Among the eight systems identified, the researchers found that the black holes ranged in mass from five to 15 times the mass of the sun, and all were feeding on sun-like stars. Using these data, the team recreated the evolution of a black hole as it fed on stellar material and then converted the X-ray echoes into sound waves, which you can listen to in the window at the top of the page or directly on YouTube.
Black hole evolution
The researchers compared the echoes across the eight systems, revealing a common evolution in the black holes' immediate vicinity. First, the black holes emit X-rays lasting several weeks, during which time the black holes generate luminous coronas — the regions of high-energy plasma just outside black hole boundaries — and jets of material moving at nearly the speed of light. Then, over several days, the coronas begin to fade and the jets sputter out as the black holes settle into a lower-energy state.
However, the black holes emit one final burst of high-energy particles before disappearing entirely. This could help to explain how supermassive black holes, which are believed to lie at the centers of all large galaxies, eject particles across vast distances and shape galaxy formation, according to the statement.

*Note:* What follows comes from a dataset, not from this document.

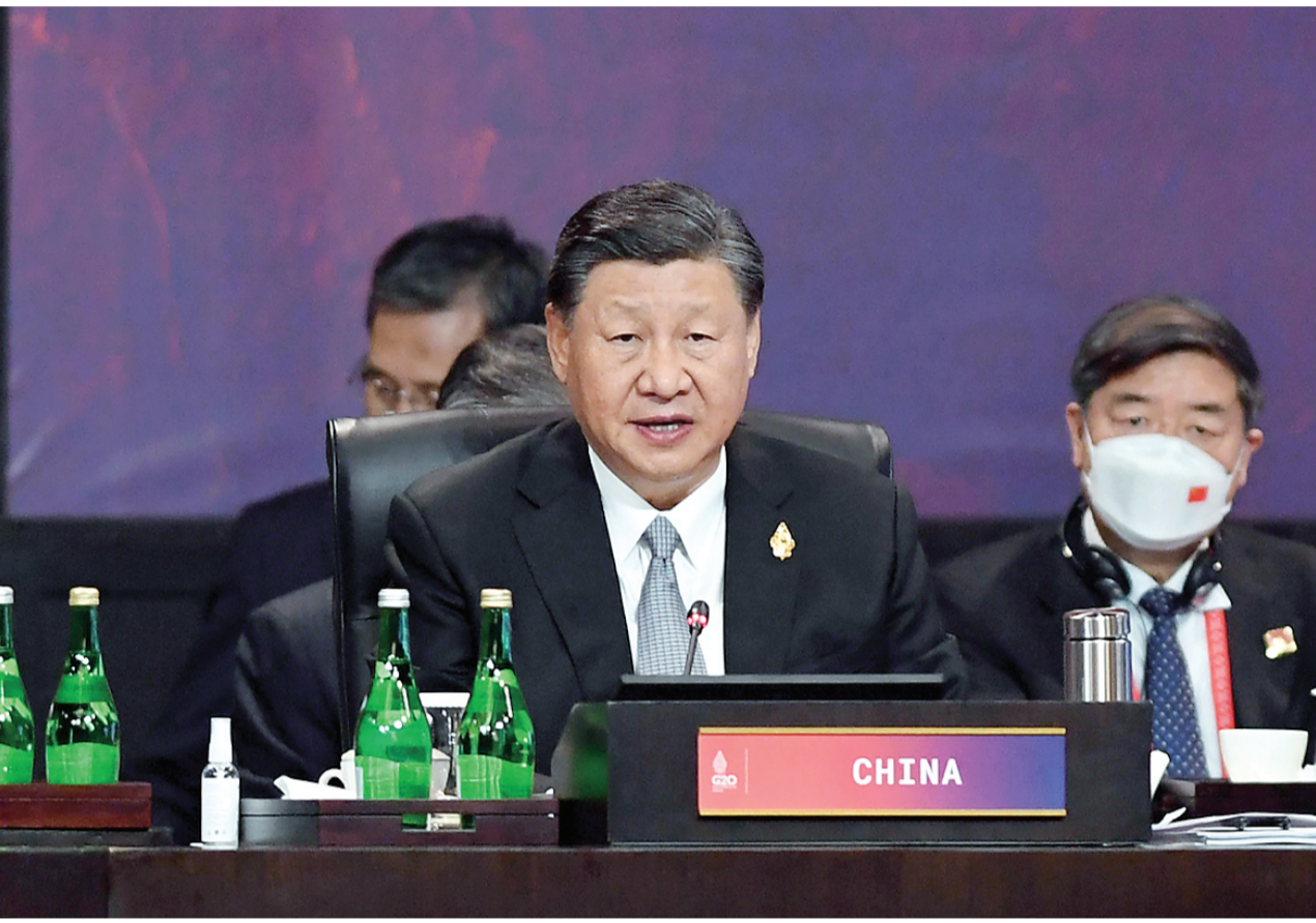
当地时间11月16日,二十国集团领导人第十七次峰会在印度尼西亚巴厘岛继续举行。国家主席习近平出席并发言。

"The role of black holes in galaxy evolution is an outstanding question in modern astrophysics," Erin Kara, co-author of the study and an assistant professor of physics at MIT, said in the statement. "Interestingly, these black hole binaries appear to be 'mini' supermassive black holes, and so by understanding the outbursts in these small, nearby systems, we can understand how similar outbursts in supermassive black holes affect the galaxies in which they reside."
Some of the X-ray emissions reflect off the black holes' accretion disks, creating echoes of the initial emission. The researchers calculated the distance between a black hole's corona and accretion disk based on when NICER received light from the corona, versus when it detected the X-ray echoes. In turn, the map of the black hole's surroundings revealed hints about how its corona and disk evolved.

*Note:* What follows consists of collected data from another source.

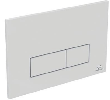
Ideal Standard Bedieningspaneel Oleas M2 wit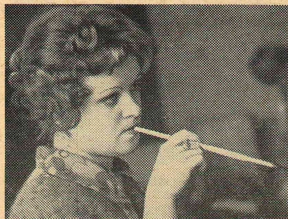
Первый курс. Все еще впереди, но муки творчества уже сейчас.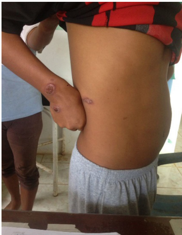
Lesión en línea axilar anterior derecha.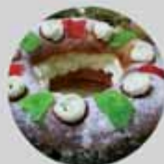
¿Fortuna? Roscos Gelée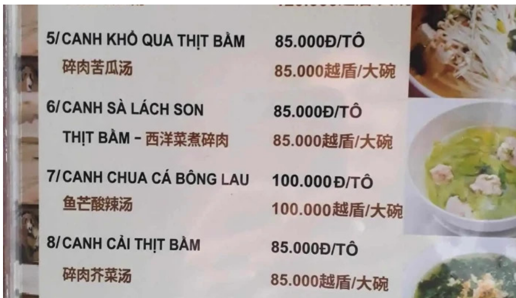
Lang co phuoc loc tho thuc don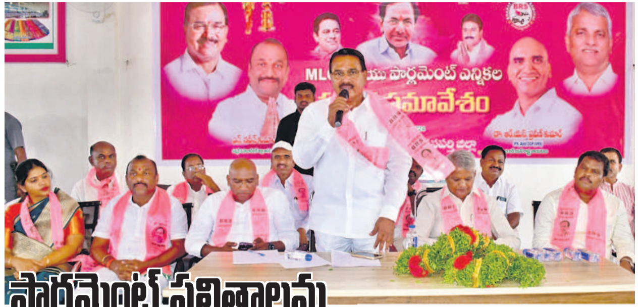
సమావేశంలో మాట్లాడుతున్న మాజీ మంత్రి నిరంజన్ రెడ్డి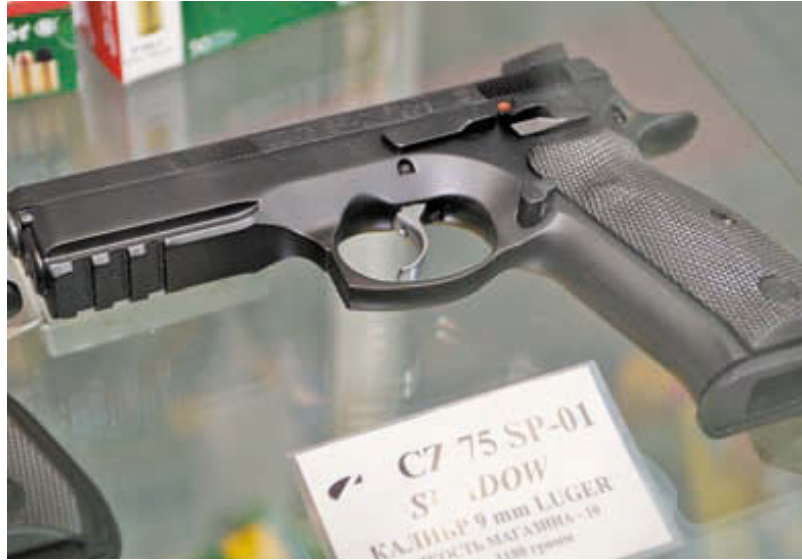
9-мм спортивный пистолет CZ 75 SP-01 Shadow хорошо знаком российским членам IPSC, стреляющих за рубежом. Теперь эта модель сертифицирована и для России

В целом эта выставка выглядела подчёркнуто деловой, она была местом встреч и переговоров производителей и их дилеров, крупных и мелких оптовиков, а также

In addition, the researchers found that the transitional period from a high- to lower-energy state grew longer in all of the black hole binaries studied, suggesting that the distance between the corona and the disk also grew. This may be the result of the corona briefly expanding during a black hole's last high-energy burst before it finishes its stellar meal and goes quiet, the researchers said in the statement.
"We're at the beginnings of being able to use these light echoes to reconstruct the environments closest to the black hole," Kara said in the statement. "Now we've shown these echoes are commonly observed, and we're able to probe connections between a black hole's disk, jet and corona in a new way."
The findings were published May 2 in The Astrophysical Journal.